Psycho Academy : Aran’s Story Book 1 (Cruel Shifterverse 4)

Psycho Academy : Chapter 37



Field training: Day 49, hour 1

There were moments in life you chose to let define you.

Then there were disasters you had no choice over.

They shattered you. Cut you. Killed you. Rendered you speechless and brought you to your knees.

I thought I’d experienced disasters. After all, how could one break when they were already broken?

My hubris had led me to believe I was untouchably damaged.

It was the catalyst for my downfall.

Arms pumping, lungs heaving, world spinning and writhing in shadows from the cocktail of drugs in my blood, I ran.

Lightning cracked, and the air tasted like desperation. Maybe that was my imagination? Or maybe that was just reality.

I’d checked the entire hall and found no sign of Tara, Sari, or Horace. I had no idea where they could be.

No. You know where they are.

That was the problem with having an analytical brain; your subconscious put the pieces together before you consciously could accept what was happening.

I ran before I’d decided to run.

It felt like a slow eternity, the halls bustling with happy partygoers and families embracing, as I raced toward the room.

“Horace?” I shouted with desperate lungs.

They’d only been gone for a few minutes. I was probably being dramatic. The drugs were making me overreact.

That was what I told myself.

Flinging myself through the door, I stumbled into the warm firelit room where I spent my nights.

No. No. No.

The world spun faster, reality collapsing around me in a kaleidoscope of desperation.

I stumbled to my knees and patted Tara’s cheeks.

She was ice-cold.

Lying on the rug, half-naked, with her pretty dress ripped to pieces, eyes wide open, soft lips parted, she was covered in blood. Strips of skin were hanging off her savaged neck.

The fire screamed.

Minutes ago I’d been laughing and dancing with her as we shared a bottle.

But somehow.

She was dead.

That was the unfortunate thing about training to be an assassin. You knew exactly when the fight had left a body, when they’d passed the point of no return and there was nothing left inside.

Tara’s sightless eyes stared up at me. Why didn’t you save me? they reflected.

Everything collapsed.

The ceiling was the floor, and the only sound was an endless ringing. The air was molasses.

Time didn’t exist as I crawled toward the four-poster bed.

Tears sparkled in Sari’s eyes and slipped down her cheeks. Her head was turned, arm hanging over the side of the bed as Horace knelt atop her and sucked viciously on her neck.

“Horace, stop!” I half yelled, half whispered as I scrambled up drunkenly and slammed my fist against his back.

He kept drinking.

Maybe it was the demon brew?

Maybe he just didn’t give a fuck?

But he didn’t stop.

Sari cried harder as her blood pooled beneath her on the emerald bedding, her eyes never leaving Tara’s empty ones.

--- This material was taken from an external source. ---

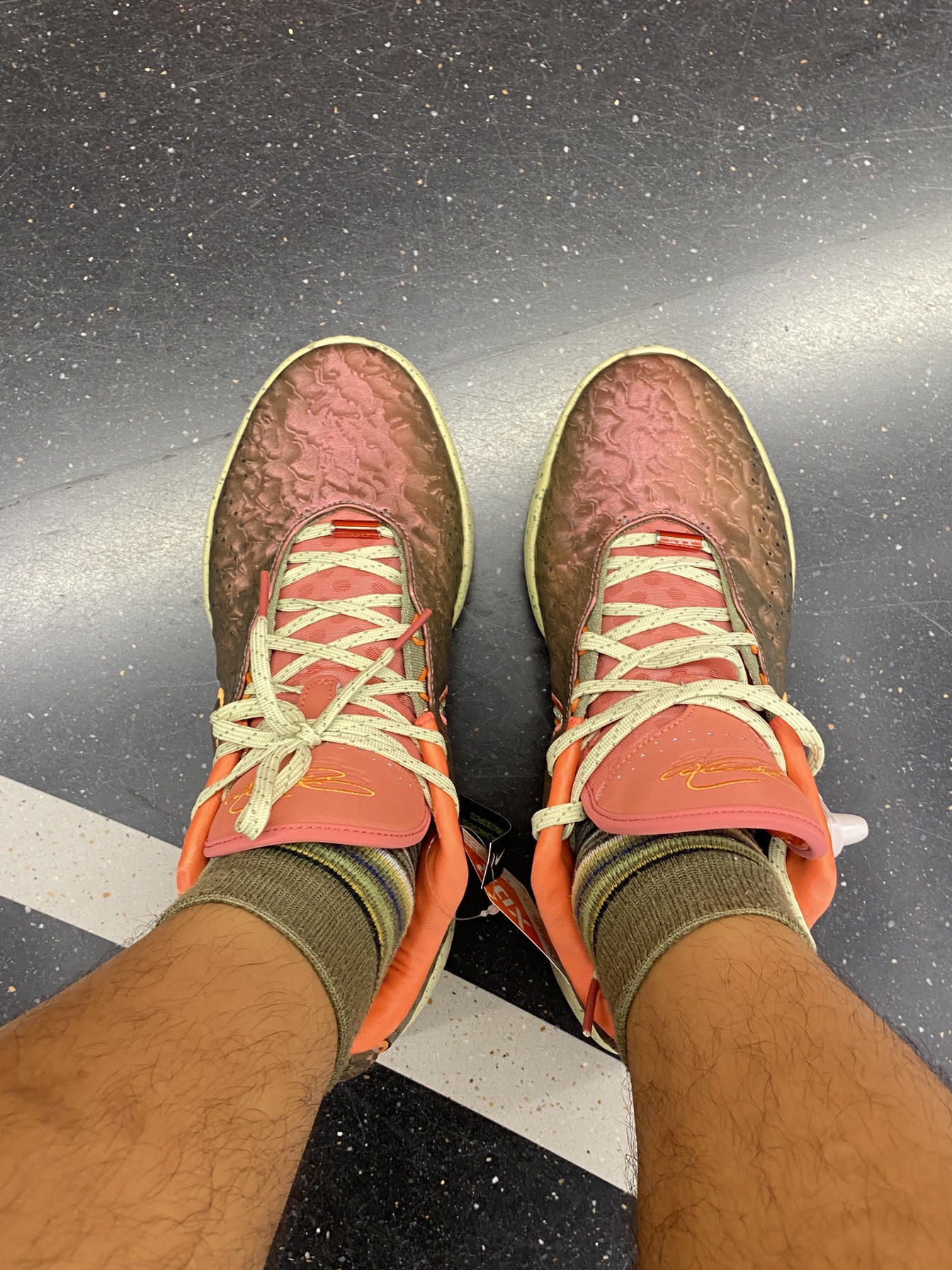 鞋面材料是比较厚实的,类似贝类内部花纹的样式,好像整体21代的设计语言就是贝壳海螺。各种配色也都绚丽多彩。整体鞋身不算轻,但是也不重,上脚感受不拖沓。包裹得益于海绵填充感受紧致,但是透气不太好,夏天没空调还是很闷脚。气垫感受一般,个人觉得不够澎湃。整体鞋身的滚动感一般,比较平。 总结:5开价位买詹姆斯正代签名鞋,不亏,整体脚感跟李宁一众3、4开球鞋比差一些透气和轻质。但是在Nike矩阵里,也属于第...

“Stop!” I screamed as I pulled at Horace, slapping him and pummeling him with my fists.

Horace ripped his bloody lips off her neck and mumbled, “Go away, Aran. I’m hungry. I’ll dance with you later.” Sari’s lips parted with a choking sob. She was too weak to do anything other than lie there and take it.

He thinks I want to dance with him?

The world spun faster.

My voice sounded like it belonged to someone else. “She’s dying, and you killed Tara. I need to take her to Lyla.” I tugged at his hardened shoulders as I tried to dislodge him.

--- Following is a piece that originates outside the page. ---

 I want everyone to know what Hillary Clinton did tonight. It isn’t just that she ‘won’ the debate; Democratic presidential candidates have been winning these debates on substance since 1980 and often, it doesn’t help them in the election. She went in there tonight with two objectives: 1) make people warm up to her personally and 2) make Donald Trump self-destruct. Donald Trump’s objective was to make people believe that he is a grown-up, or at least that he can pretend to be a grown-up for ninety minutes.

Horace grunted and laughed. “She tastes fucking delicious, and I lost too much blood in the last battle. I need this.” His voice tightened with anger, and he easily shoved back at me with his vampyre strength. “Go back to the dance, Aran.”

I sprawled on the floor.

Horace leaned forward and attached his teeth to Sari’s bloody neck.

My chest hurt from the rapid pounding in my chest, vision blurring as I struggled to breathe.

Inhale. Exhale.

It didn’t work. I couldn’t breathe.

Horace was my friend. He was the man who’d thrown his arms around me after battle. We’d fought as a unit. Long runs, hours in the sea, endless fights against the ungodly. Horace was always there.

Horace was my friend.

But so were Tara and Sari.

The voices in the fire screeched louder.

My teeth chattered as terror raced through me. It was an icy chill that was colder than any blizzard.

Sari made a heartbreaking mewling sound.

Hands trembling, I brought my knuckles to my teeth and bit down to try to calm the endless shaking.

I hyperventilated because I knew what I had to do.

My monster whimpered.

Mother used to love an ancient fae poem with the line, The realms don’t end with a bang but a whimper.

Suddenly, I understood how right it was.

I’d thought the hardest thing I’d ever have to do was rip my mother’s heart from her sternum and consume it.

But when I’d done it, my monster had filled me with unfathomable rage that made the act easy.

Because it was what I’d wanted to do.

Now my monster hid inside its cage and bleated sadly. Softly, like gentle snowfall, it curled into a ball and trembled.

Because my monster wasn’t a monster.

I’d categorized it as an other after Sadie had told me about the cold voice in her head.

It was special to hear a voice that was not your own.

After all, the blame couldn’t be yours if there was an it inside you that controlled you.

We were just two best friends hearing voices and bonding over our unwellness. A friendship so warm and comforting that I could never have dreamed it up.

But Sadie’s voice was that of a goddess, and mine was a lie. Because the best lies are always closest to the truth.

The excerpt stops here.